Fosforilación proteica en respuesta a efectos rápidos mediados por estrona en tejido aórtico de rata

RAUSCHEMBERGER, M. B.; SELLÉS, J.; MASSHEIMER, V.

Hotel Intersur (13 de Julio), Mar del Plata, Pcia. de Buenos Aires, 29 de Noviembre al 2 de Diciembre de 2005

Congreso; 50 Reunión Anual de SAIC; 2005

Sociedad Argentina de Investigación Clínica (SAIC)

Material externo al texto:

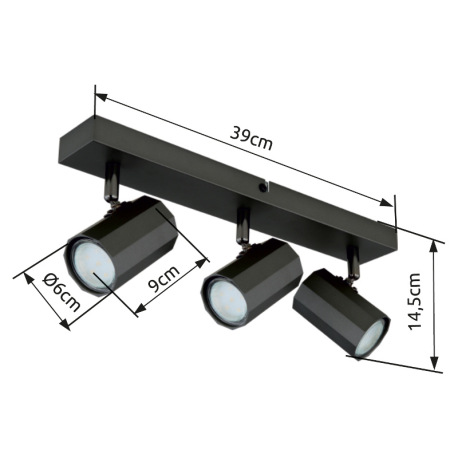 Stropné svietidlo, kov sivý matný, hliník sivý matný, DxŠxV: 390x60x145mm, bez žiaroviek 3x GU10, ma
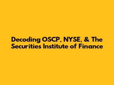 Decoding OSCP, NYSE, & Securities Institute Of Finance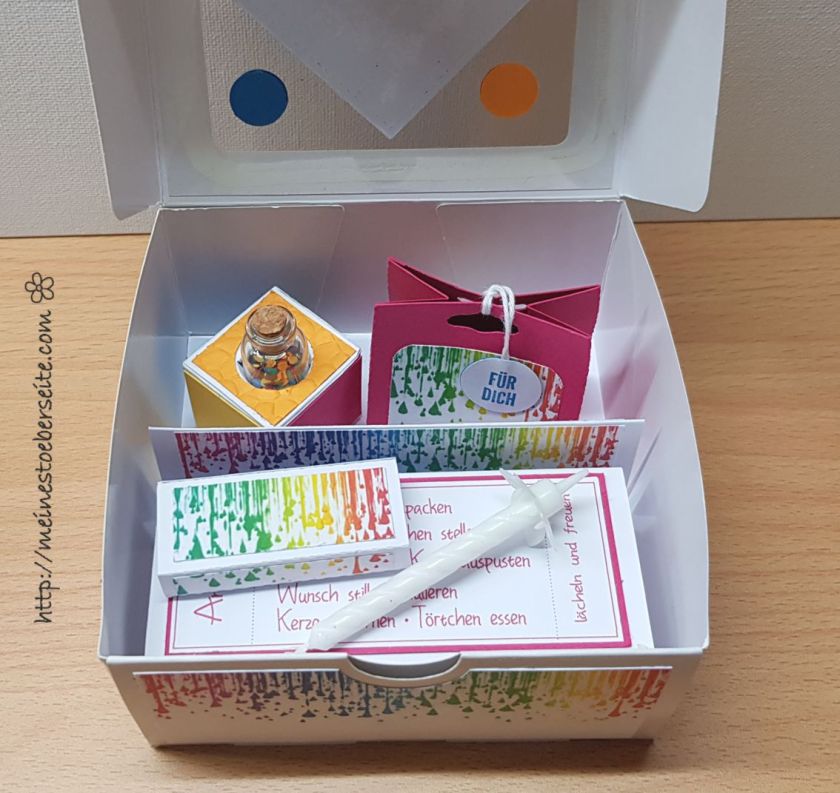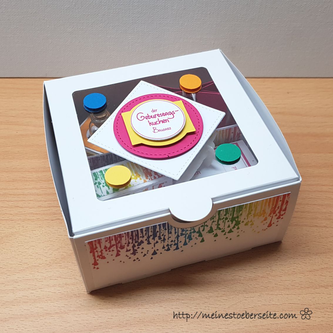 Die Karte lag bereits vor, es fehlte aber noch eine Box für das gesammelte Geld und mir war mal wieder nach einem Geburtstagskuchenbausatz
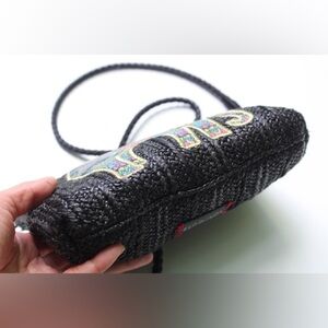 Woven jute. Black. Genuine leather trim.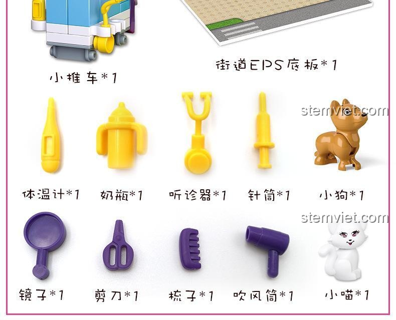 - Phụ kiện đa dạng: Đi kèm là các phụ kiện mô phỏng chân thực các dụng cụ chăm sóc thú cưng như nhiệt kế, ống nghe, lược chải lông, máy sấy tóc, bình sữa, và cả một chiếc cân để đo trọng lượng cho thú cưng.
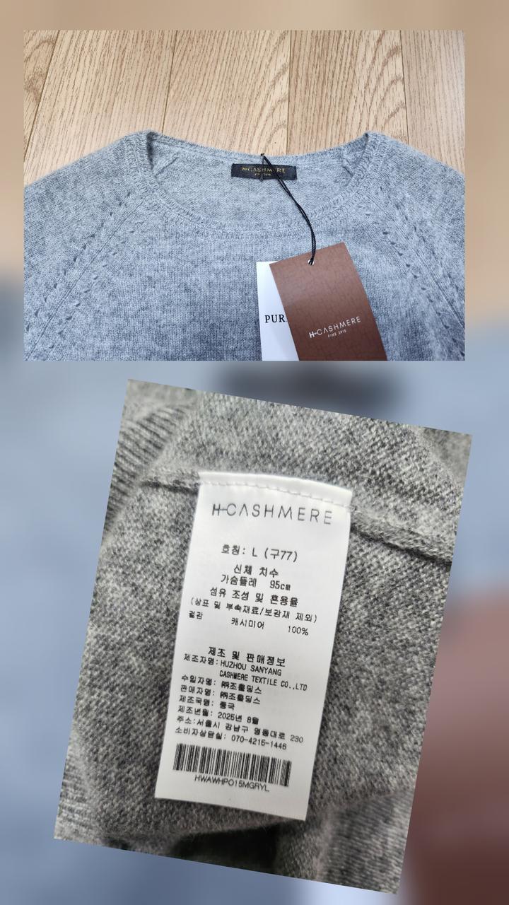 H 내몽고산 퓨어 캐시미어100% 니트66 77(새제품 그레이)

  En este trabajo investigamos la participación de distintas vías mensajeras en la transducción de la señal mediada por estrona (E1), en aorta de rata. Hemos demostrado previamente que en forma semejante al estradiol,  la E1 estimula la síntesis de vasodilatadores (óxido nítrico y prostaciclina) pero su mecanismo de acción es ligeramente diferente ya que la activación de NOS es independiente de calcio. Usando ensayos de fosforilación de sustratos (histona III-S y mielina básica) se midió la actividad PKC y MAPK en homogenados totales obtenidos de aorta de rata, tratados “in vitro” con concentraciones fisiológicas de E1. La hormona estimula muy marcadamente la actividad PKC, a todas las dosis ensayadas (0.1-50 nM), siendo mayor el estímulo a dosis mayores (937% y 103%; s/c; E1 50 y 1 nM, p<0.001). Se realizaron estudios tiempo respuesta (1-10 min.), obteniéndose el máximo estímulo luego de 3 min. de tratamiento con E110 nM (0.42 ± 0.01 vs 0.20 ± 0.04 pmol Pi/mg prot/min., E1 vs C). Se comprobó la especificidad del ensayo, usando TPA como activador directo de PKC. Tratamientos de 5 min., 100 nM TPA, estimulan significativamente la actividad PKC (425% s/c, p<0.001).  Se demostró también que la E1 estimula la actividad MAPK a tiempos muy cortos de tratamiento. Luego de 30 segundos de exposición a E1 10 nM, la fosforilación de la proteína básica de mielina se incrementa en un estímulo de 341% sobre el control (p< 0.02).  Se estudio la contribución de fosfatasas en el mecanismo de acción hormonal cuantificando la producción de NO en presencia del inhibidor de fosfatasas PP-1 y PP2A, Calyculin A (10nM), observándose que la acción estimulatoria de E1 sobre la actividad NOS se potencia significativamente (121% vs 73% s/c; E1 + Calyculin A vs E1, p<0.01). Los resultados presentados aportan evidencias que, en tejido vascular, la acción no genómica de E1 comprende la fosforilación proteica y la estimulación de la síntesis de NO.